Stellarion
Tools

stellarion_get_flow_graph [Pro · EDA]

Build the EDA flow graph — stages, members, and cross-stage transitions
This is a Pro tool that requires EDA mode (--mode eda). It uses the Eda license feature; a 180-day free trial starts automatically.

Groups the indexed EDA categories into 18 canonical flow stages and emits a directed graph showing which procs/files own each stage and which transitions exist between stages. Captures the EDA-specific architecture in a way the generic call graph cannot, because the flow is staged (project_setup → synthesis → place → route → timing) rather than call-driven.

When to Use

  • To visualize the EDA flow architecture of an unfamiliar codebase
  • To find flow orchestrators — procs that span 3+ stages (often the right entry points to study)
  • To detect missing stages (no verification calls in a synthesis-stage codebase is suspicious)
  • Before a refactor — see which procs are doing too much across stages and need splitting
  • To generate an architecture diagram from the graph data

Parameters

ParameterTypeRequiredDefaultDescription
filePatternstringNoSubstring match on file path
minCallsnumberNo1Drop stages with fewer than this many calls
minTransitionnumberNo1Drop transitions with fewer than this many spanning callers
membersLimitnumberNo20Maximum members per stage in output

Stage map

The 18 flow stages, in canonical order:

StageCategories grouped
project_setupquartus_project, quartus_package
ip_compositionqsys_module, qsys_interface, qsys_parameter, qsys_fileset, qsys_instantiation, qsys_callback
design_ioread_, write_ (HDL / SDC / DEF / etc.)
configurationquartus_assignment
synthesissynthesis (TOOL_FLOW commands)
floorplanfloorplan
placementplacement
ctscts
routingrouting
timingtiming, quartus_timing, query_clock, query_pin, query_register, …
powerpower
physicalphysical
verificationverification
openroadsta::, gpl::, drt::*, …
executionquartus_execution
reportingquartus_report
loggingquartus_messaging
otherunmapped categories (defensive — should be rare)

Examples

Whole-workspace flow graph

Show me the EDA flow architecture of this codebase.

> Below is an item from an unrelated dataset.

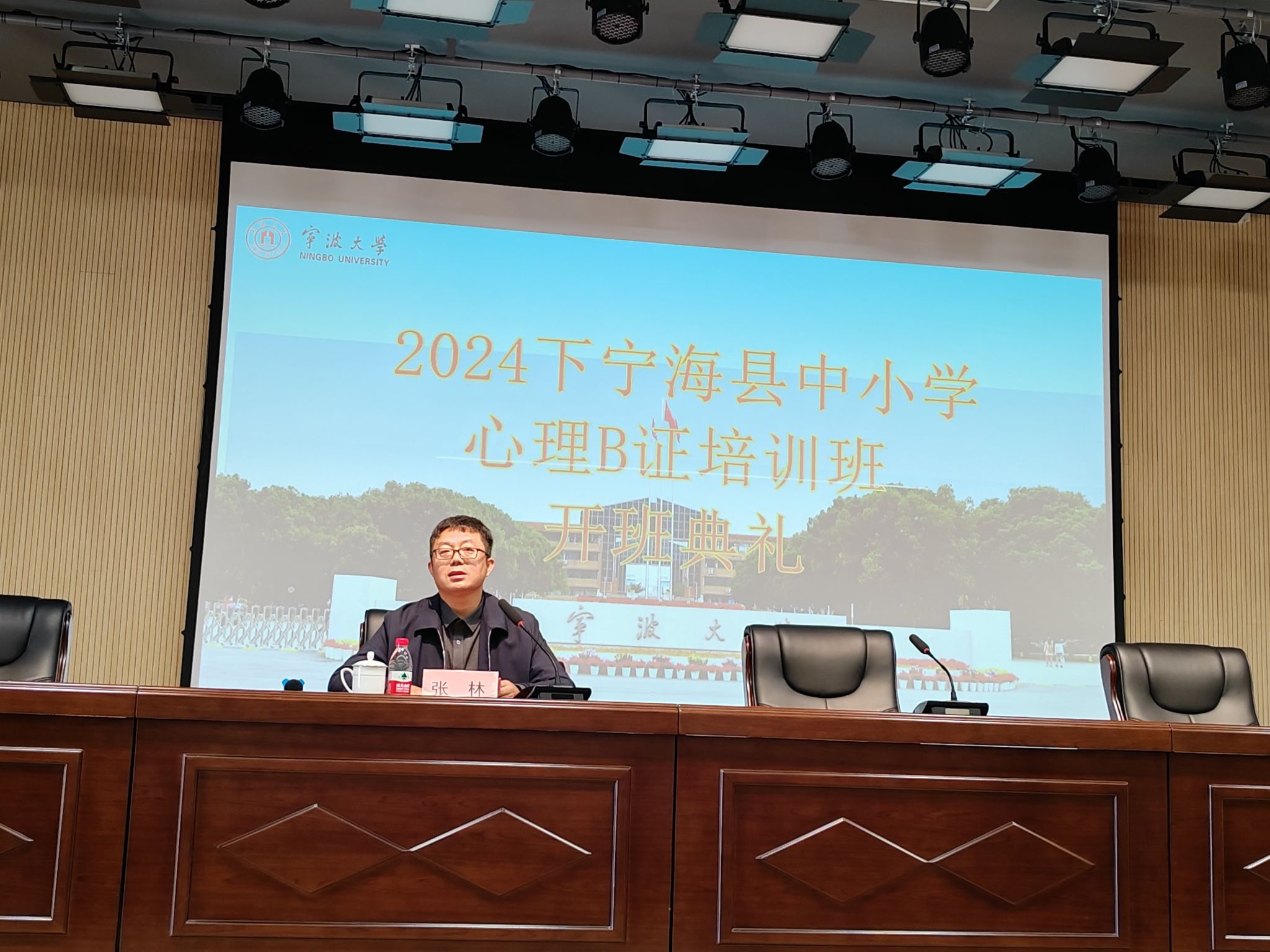 11月8日,由宁波大学教师教育学院承办的宁海县中小学教师心理B证培训1班和培训2班分别在宁海县星海小学报告厅和潘天寿小学(天明校区)报告厅隆重举行开班仪式。宁波大学教师教育学院党委书记张林、宁海县教育局副局长王建东出席开班仪式,共有360余名学员参训。会议由宁波大学教师教育学院培训部主任翁艳主持。

Calls with no filters; surfaces all active stages, their top members, and the strongest cross-stage transitions.

Scoped to one FPGA family

What does the Agilex flow look like?

Sets filePattern: "fpga_family/agilex".

Suppress single-caller transitions

Show only flow couplings shared by 5+ procs.

Sets minTransition: 5 to filter out one-off transitions that aren't architectural patterns.

Skip noise stages

Hide tiny stages with fewer than 10 calls.

Sets minCalls: 10.

Output Format

{
  "total_calls": 3327,
  "stages": [
    {
      "name": "ip_composition",
      "call_count": 2531,
      "member_count": 28,
      "categories": {
        "qsys_interface": 962,
        "qsys_parameter": 619,
        "...": 0
      },
      "members": [
        { "file": "...", "caller": "...", "call_count": 384 }
      ]
    }
  ],
  "transitions": [
    {
      "from": "project_setup",
      "to": "logging",
      "spanning_callers": 9
    }
  ]
}

A transition from → to means at least spanning_callers distinct callers have calls in both stages. The transition list is sorted by spanning count (highest first).

Tips

  • Top-3 stages by call count = where most of the EDA activity lives. If your top is ip_composition, the codebase is IP-component-heavy (_hw.tcl files); if configuration dominates, it's Quartus-script-heavy (*_design_files.tcl).
  • Procs spanning ≥3 stages are flow orchestrators. They're typically the right entry points to study but can also be refactor candidates if they're doing too much.
  • A transition with spanning_callers ≥ 10 is structural; one with spanning_callers = 1 is incidental.
  • Empty stages matter as much as full ones. No verification calls in a synthesis codebase suggests missing test-bench glue. No timing calls suggests SDC isn't indexed (check that .sdc files are in scope).
  • Combine with stellarion_find_eda_calls to drill into a stage's specific call sites.